Computer-use, but for the iPhone — let AI agents (and your browser) see and drive a real phone.

License: MIT Platform: macOS 15+ Built with Rust Streaming: WebRTC / H.264

Controlling an iPhone from a browser — live screen plus a touch toolbar (Home, Spotlight, App Switcher, keyboard)

Remote-control your iPhone from any web browser — over macOS iPhone Mirroring, with low-latency WebRTC video and near-native touch. A Rust daemon captures the Mirroring window with ScreenCaptureKit, hardware-encodes it to H.264 with VideoToolbox, and streams it to iPhone Safari (or any browser) over WebRTC — injecting taps, swipes, scrolls, and text back as continuous system events. AI agents, scripts, and bots can drive the same phone through a simple HTTP API.

Think Chrome Remote Desktop, but for your iPhone — running entirely on your own Mac, no third-party cloud.

Features

  • 📱 Control an iPhone from a browser — live screen with tap / swipe / scroll / type, on iPhone Safari or any desktop browser.
  • Low latency — hardware H.264 (VideoToolbox) over WebRTC, not screenshot polling.
  • 🤚 Near-native touch — real scroll-wheel scrolling, keycode text input, Home / Spotlight / App-Switcher shortcuts.
  • 🤖 Agent-ready — an HTTP API (/agent/input, /agent/screenshot) lets AI agents and scripts see and drive the phone.
  • 🌐 LAN or remote — same Wi-Fi over your local network, or from anywhere via a Cloudflare tunnel + TURN.
  • 🔒 Self-hosted & authenticated — password login; runs on your own machine, your screen never leaves your control.

v2 — a full WebRTC + hardware-codec + continuous-input rebuild of the original v1 screenshot-polling server. The input + video vertical (video, tap, scroll, text, shortcuts, LAN WebRTC) is validated on real hardware.

Architecture

Architecture

A Rust daemon captures the macOS iPhone Mirroring window with ScreenCaptureKit, hardware-encodes it to H.264 with VideoToolbox, and streams it over WebRTC (webrtc-rs, axum for HTTP/WS signaling). The same capture/input core serves two front-ends: a human client (iPhone Safari — live video + continuous touch) and an agent client (an HTTP control API; see Agent API). Touch is injected back as continuous CGEvents through the system HID event tap. STUN handles most NAT; optional Cloudflare TURN relays the rest.

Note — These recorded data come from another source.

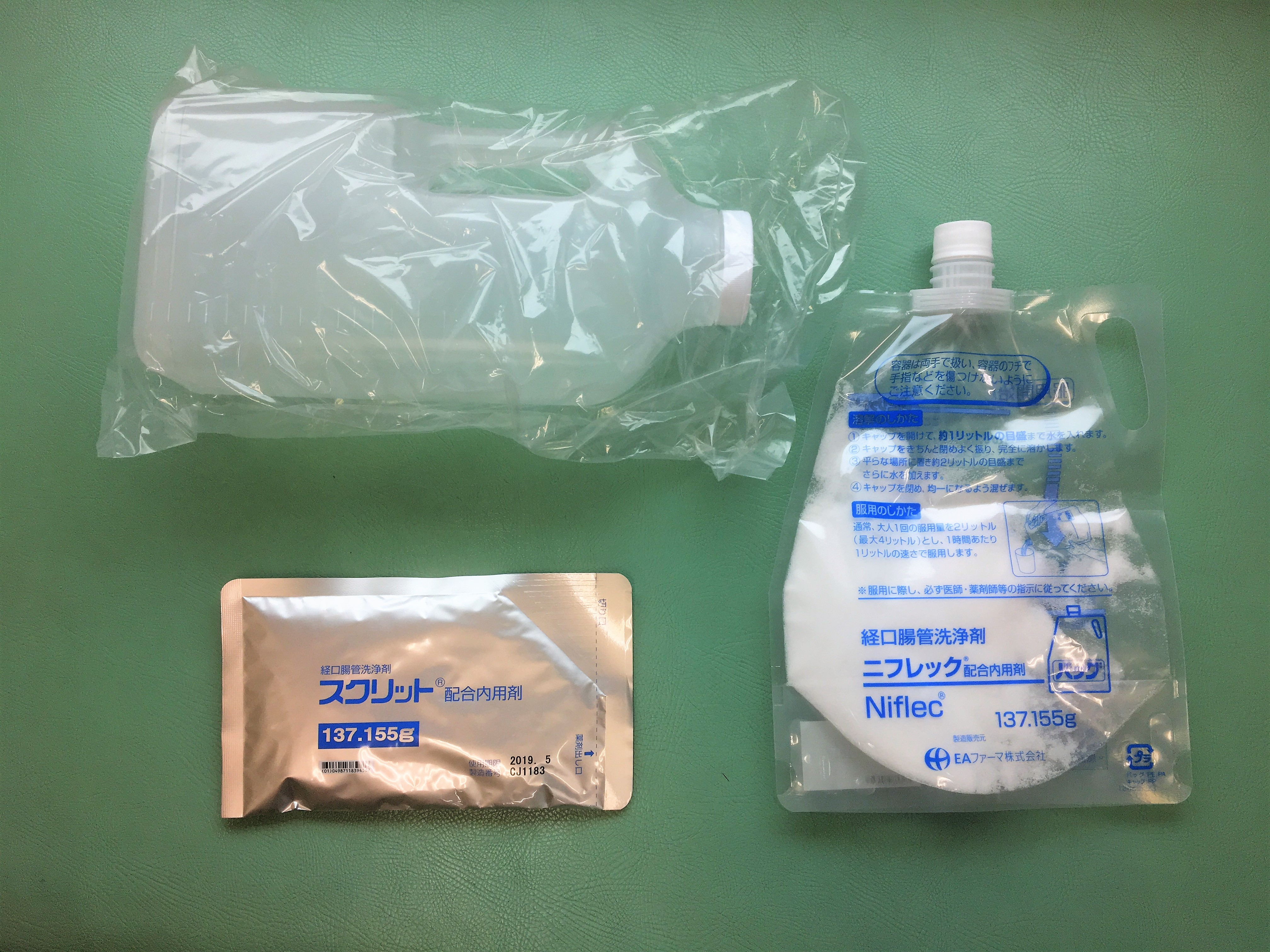 Drug for Whole bowel irrigation, Leftside "SCRIT".Right side "Niflec". The main components of both products are Anhydrous Sodium Sulfate, etc. Contains a small amount of PEG. Products manufactured and distributed in Japan.
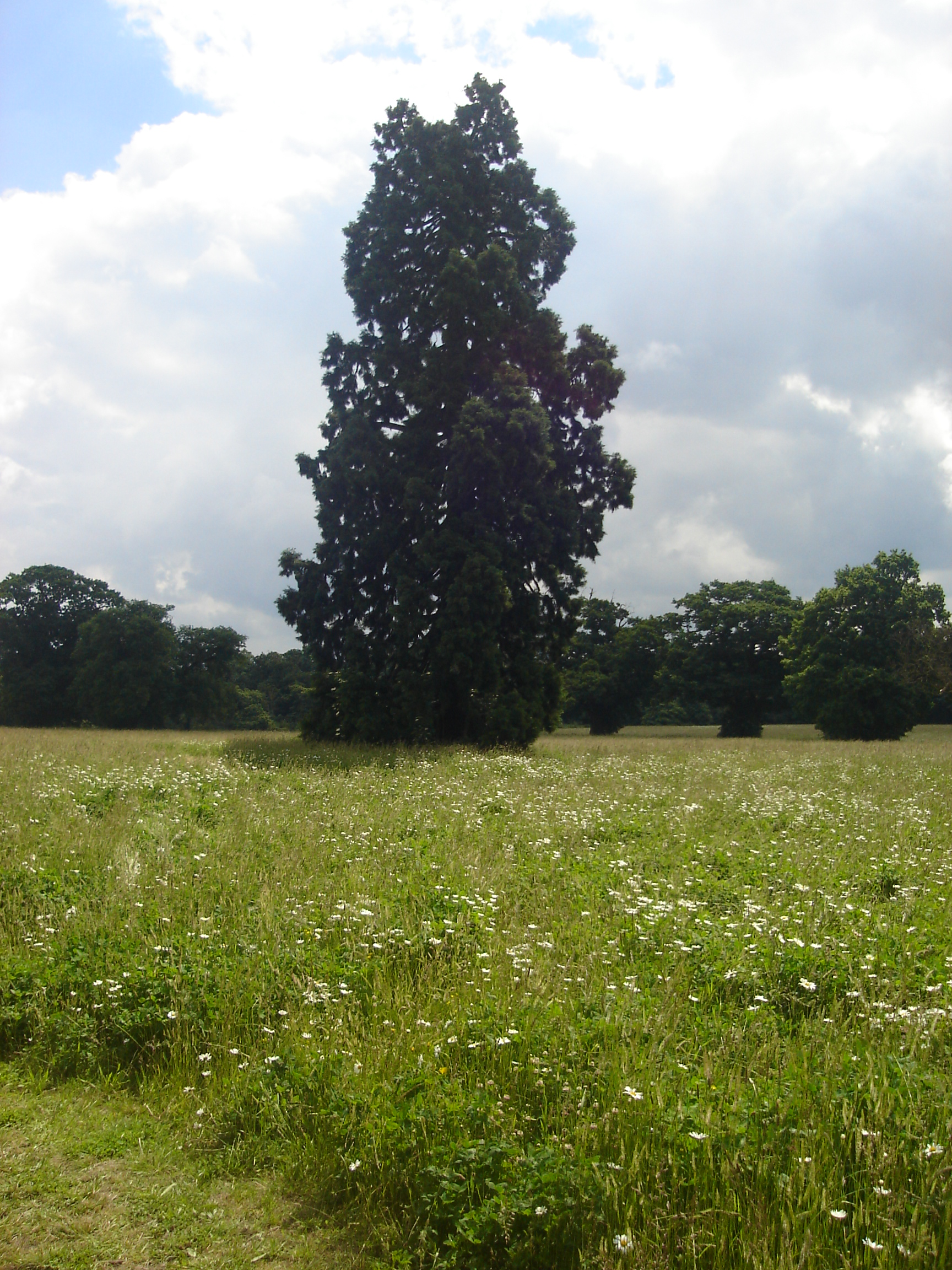 Picture of Wellingtonia at Catton Park, Old Catton, Norwich, Norfolk
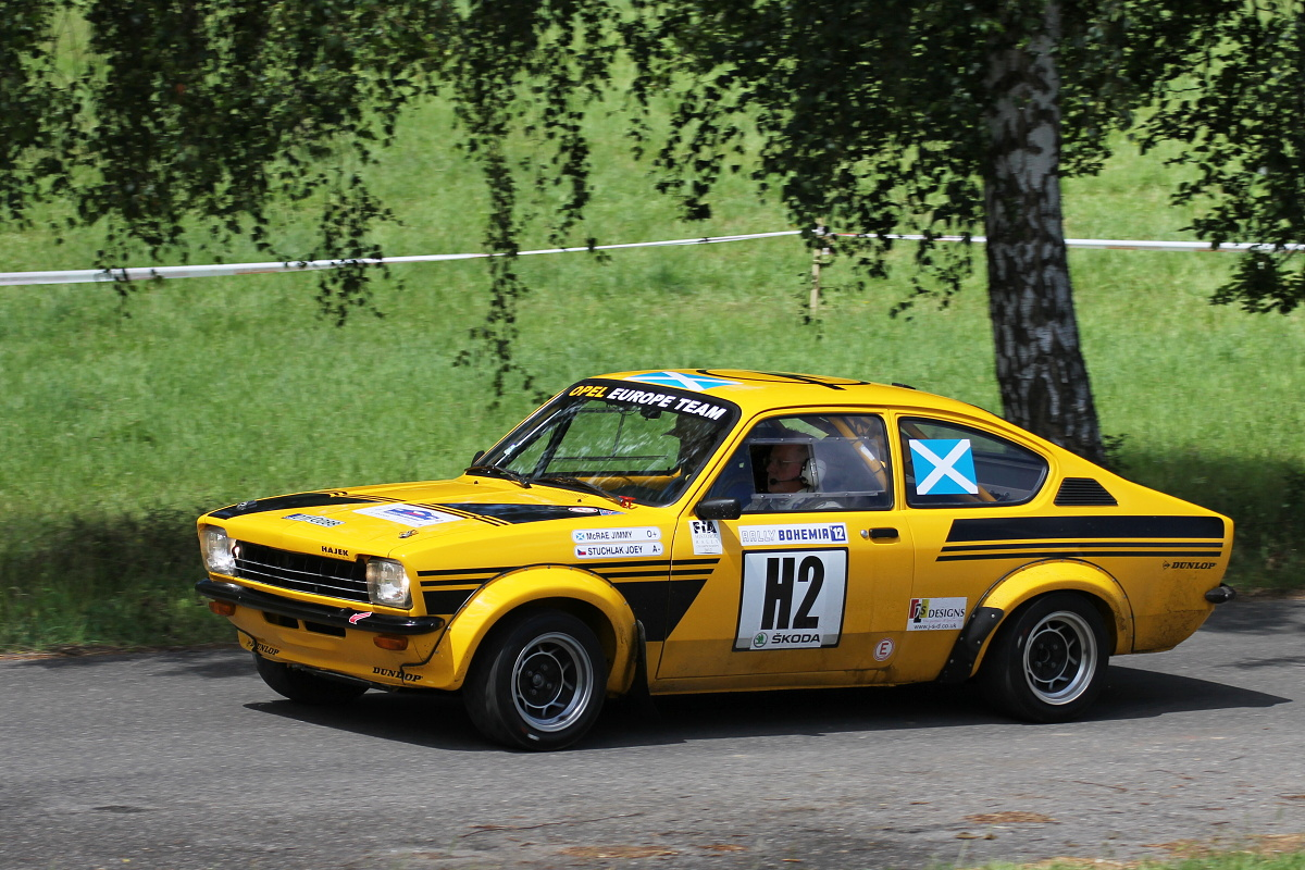 H2 Jimmy McRae - Jozef Stuchlak (GBR / CZE) - Opel Kadett C GT/E 16V / group 4 /, Rally Bohemia 2012
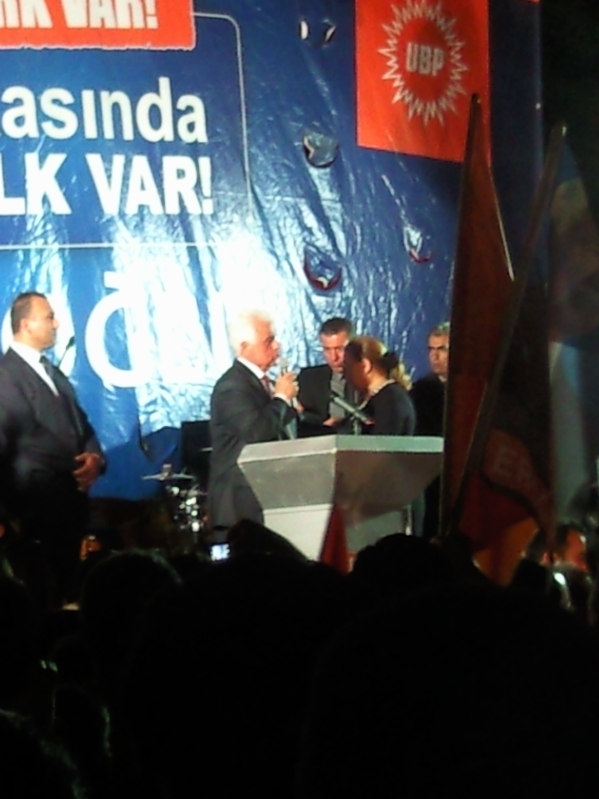 Derviş Eroğlu, talking to the people just after winning the presidental elections in Northern Cyprus in 2010.
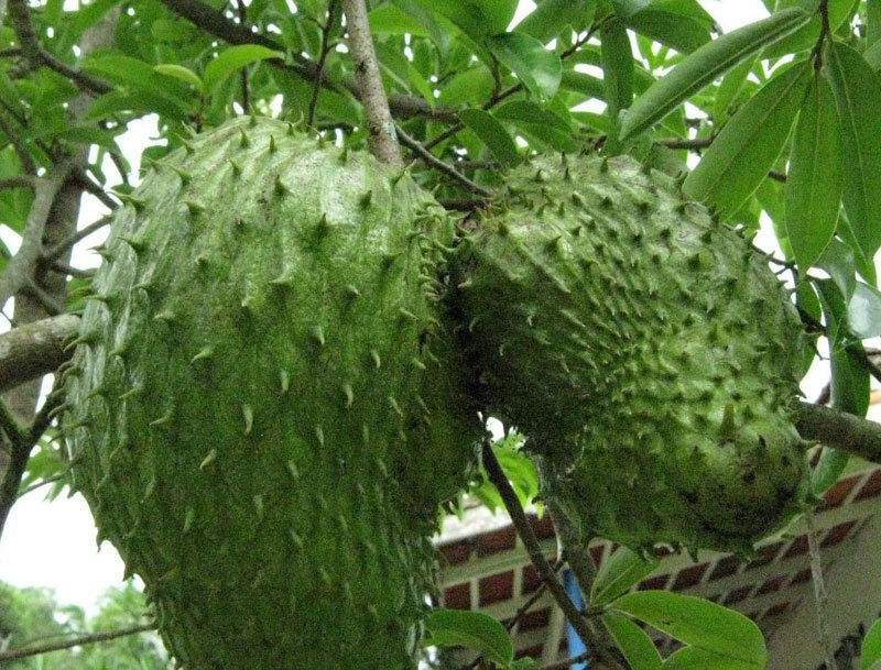 Anona Muricata
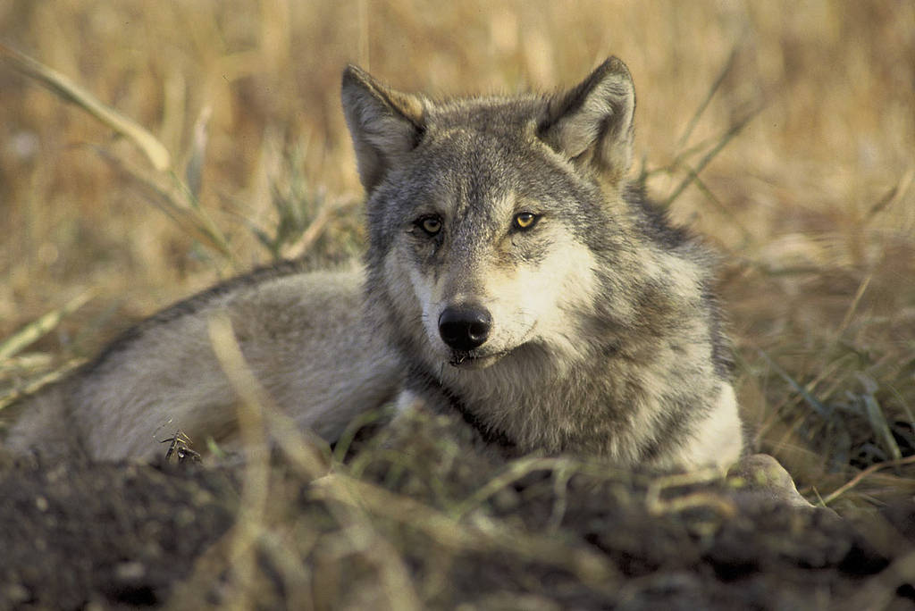 Photo credit: USFWS/John & Karen Hollingsworth
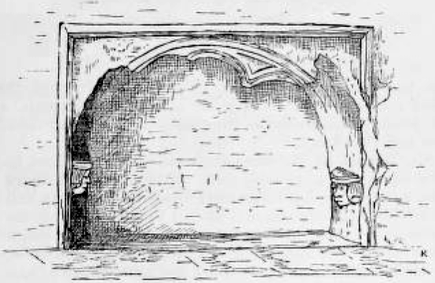 1888 drawing of empty arched and cusped recess in Luppit Church, Devon, suggested by Rogers to have housed originally the effigy of John Carew (d.1324) of Mohuns Ottery in the parish of Luppit.
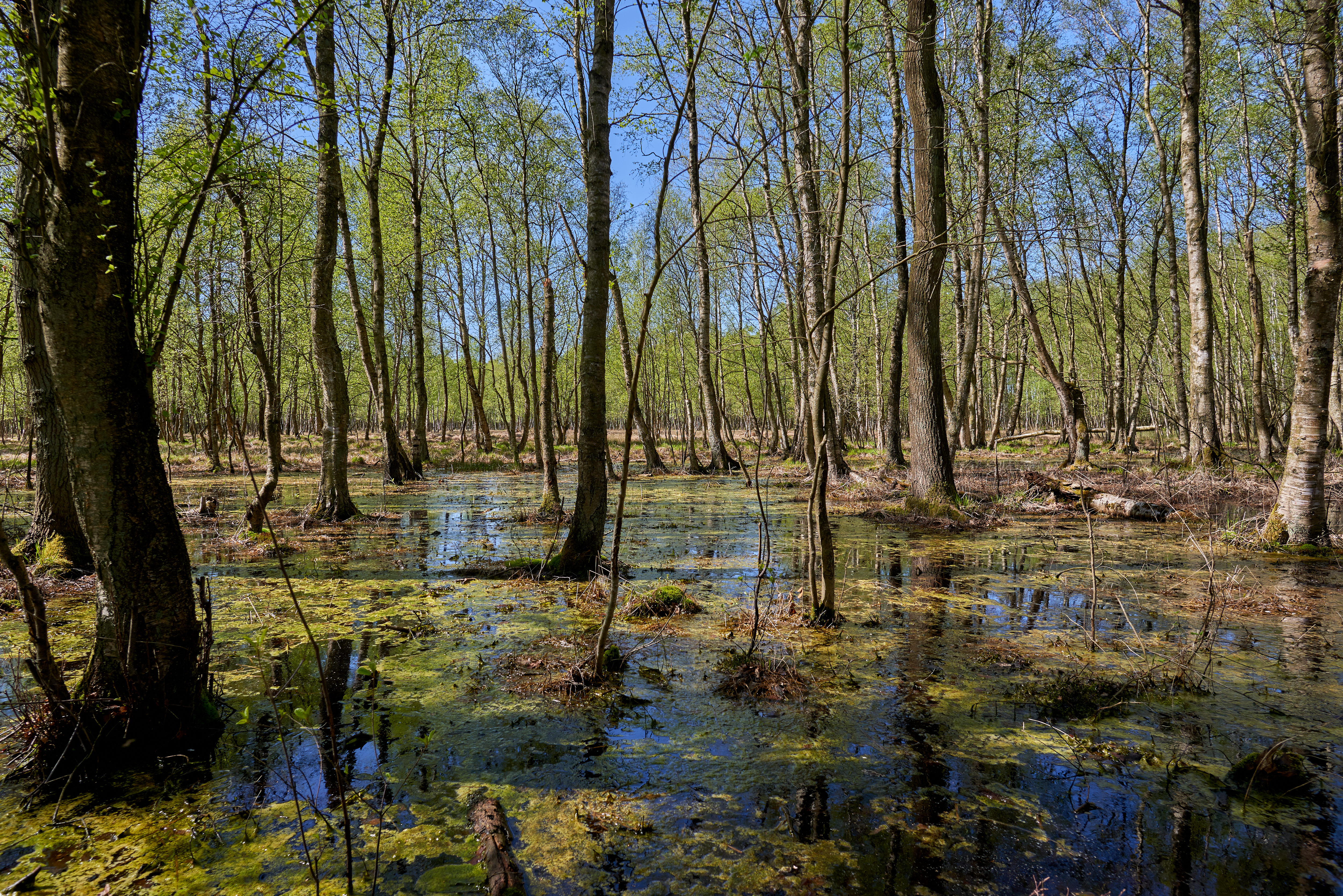 Wetland forest adjoining the peat bog area in in Kaltenhofer Moor nature reserve, FFH area 1526-353 'Natural Forest Stodthagen and adjoining peat bogs'.

Key input findings baked into the daemon (all hardware-validated):

  • Scroll is a wheel event. iPhone Mirroring reads a mouse-drag as a long-press / icon-reorder and never scrolls — a finger swipe must map to CGEvent scroll-wheel.
  • Text is keycodes, not Unicode. Mirroring forwards virtual keycodes (and a real Shift key), not the CGEvent Unicode payload. CJK caveat: typing sends US keycodes; if the phone keyboard is a Chinese (Pinyin) IME, digits become candidate-selectors (a1b2c3啊不c3) — switch the phone to the English ABC keyboard for literal text. Real CJK input needs the on-phone IME and is out of scope for now.
  • HID taps need the Mirroring window frontmost — the daemon re-asserts focus only when another app steals it.

Deployment — a GUI-session LaunchAgent

Deployment

ScreenCaptureKit (Screen Recording) and input injection (Accessibility) require TCC grants tied to a signed identity in the login session — an SSH-spawned binary is denied. So the daemon runs as a codesigned LaunchAgent in the desktop session, granted once; SSH shells, agents, and the iPhone Safari controller all connect to it.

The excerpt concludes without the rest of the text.